We've been working away for a little while now with a group of customers to develop improved models for Lyophilization.  The fruits of these labours are available as the current Lyo model in DynoChem Resources.  This handles multi-component (e.g. water, acetic acid) freezing (rate-based approach to SLE) and sublimation (rate-based approach to SVE), with pressure-dependent heat transfer, radiation and a sublimation rate that depends on the thickness of the dry product layer.  You can obtain a predictive model for your system using this template and a few key experiments.

In researching the field while putting this model together, among Mike Pikal's excellent writings we found this useful presentation from a meeting in Bologna, 2012 [The Scientific Basis of QbD: Developing a Scientifically Sound Formulation and Optimizing the Lyophilization Process] and our favourite slide from the deck is reproduced below.

We are used to delivering this message in the context of characterizing, optimizing and scaling other unit operations (e.g. reactions, crystallization) and it is no surprise to see that the same principles hold for Lyo.

Download the model to simulate Lyophilization, fit parameters, predict scale-up and optimize. Download the full slide deck for a good introduction to Lyo.

Wednesday, August 23, 2017

Finding the rate law / reaction mechanism: exercise shows the way

We highly recommend that chemists and engineers involved in kinetic modeling take our dedicated exercise that focuses on determining the correct rate law.

In DynoChem's Fitting window, it is easy to quickly try different parameter fitting options and especially select different groups of parameter to fit. When confronted with new data, models can be adapted and further developed, in this case to better capture the reaction mechanism.

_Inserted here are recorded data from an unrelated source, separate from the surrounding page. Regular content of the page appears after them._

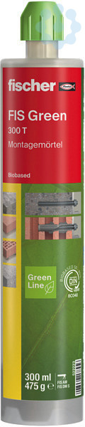 Der fischer Montagemörtel Green 300 T ist ein 2K-Injektionssystem auf Vinylesterbasis. Der Hybrid-Mörtel verfügt über eine Umwelt-Produktdeklaration EPD des Instituts für Bauen und Umwelt und wird mindestens zur Hälfte mit nachwachsenden Rohstoffen produziert. Weiter ist der Montagemörtle Green gemäß der französischen VOC-Verordnung in die bestmögliche Emissionsklasse A+ für flüchtige Stoffe eingestuft. Harz und Härter werden erst beim Auspressen aus dem Statikmischer vermischt und aktiviert. Die Kartusche kann mit einer handelsüblichen Silikon-Auspresspistole ausgepresst werden. Angebrochene Kartuschen können mit einem neuen Statikmischer wieder verwendet werden. Das Hybrid-System bietet mit Systemkomponenten wie Ankerstangen FIS A, Innengewindeankern und Injektions-Ankerhülsen für Befestigungen in Beton und Mauerwerk viele Anwendungsmöglichkeiten im Innen- und Außenbereich.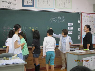いよいよ夏休みが始まりました。学校では、7月21日と26日に、子どもたちの学習をサポートをしようと、自由参加の学習教室を開きました。多くの子どもたちがやってきて、宿題や自主学習、1学期の復習など、教員のアドバイスを受けながら熱心に取り組みました。自分から取り組む意欲、そして、仲間とともに学ぶ集団の力は、なんてすごいのでしょう。迫力のようなものを感じました。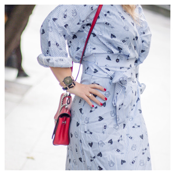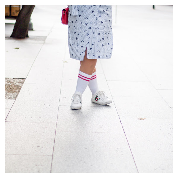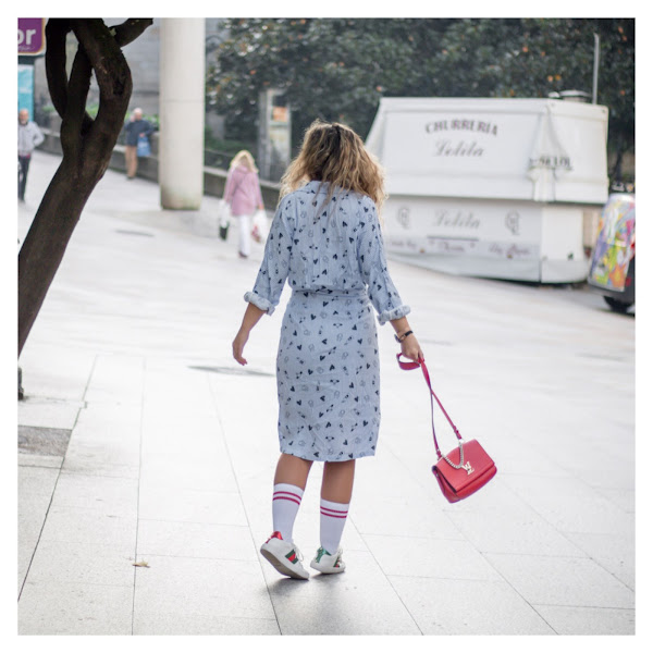 Se trata de un vestido súper cómodo y con una tela súper suave con estampado de rayas azules y blancas y pequeños dibujos en negro. Lo he combinado con unos calcetines de inspiración deportiva de Pull&Bear de nueva temporada y estas deportivas tan originales de Gucci. El bolso rojo es de Louis Vuitton.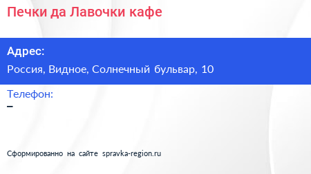 Печки да Лавочки, кафе по адресу Ароматный мир, 10, Солнечный бульвар, Жилой комплекс «Государев дом», Лопатино, Ленинский городской округ, Московская область, Центральный федеральный округ, 142710, Россия в дальнейшем Организация, размещена в следующих категориях: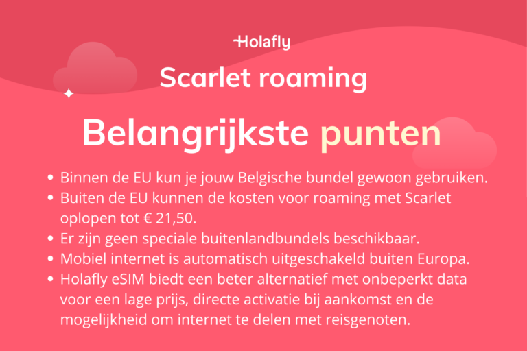 Ben je klant bij Scarlet en vertrek je binnenkort op reis? Lees in dit artikel met welke kosten je moet rekening houden en ontdek een alternatief met onbeperkt internet: de Holafly eSIM.

This exercise takes you through that workflow using  the Menschutkin reaction of 3,4-dimethoxybenzyl bromide and 3-chloro-pyridine:

A handful of well-controlled experiments followed by sampling together with use of the DynoChem Fitting window allows the single-line reaction to be broken out into a series of elementary steps that better represent the chemistry.  On this foundation, users build a model suitable for reaction optimization and scale-up, saving unnecessary experiments and providing a sound basis for process decisions.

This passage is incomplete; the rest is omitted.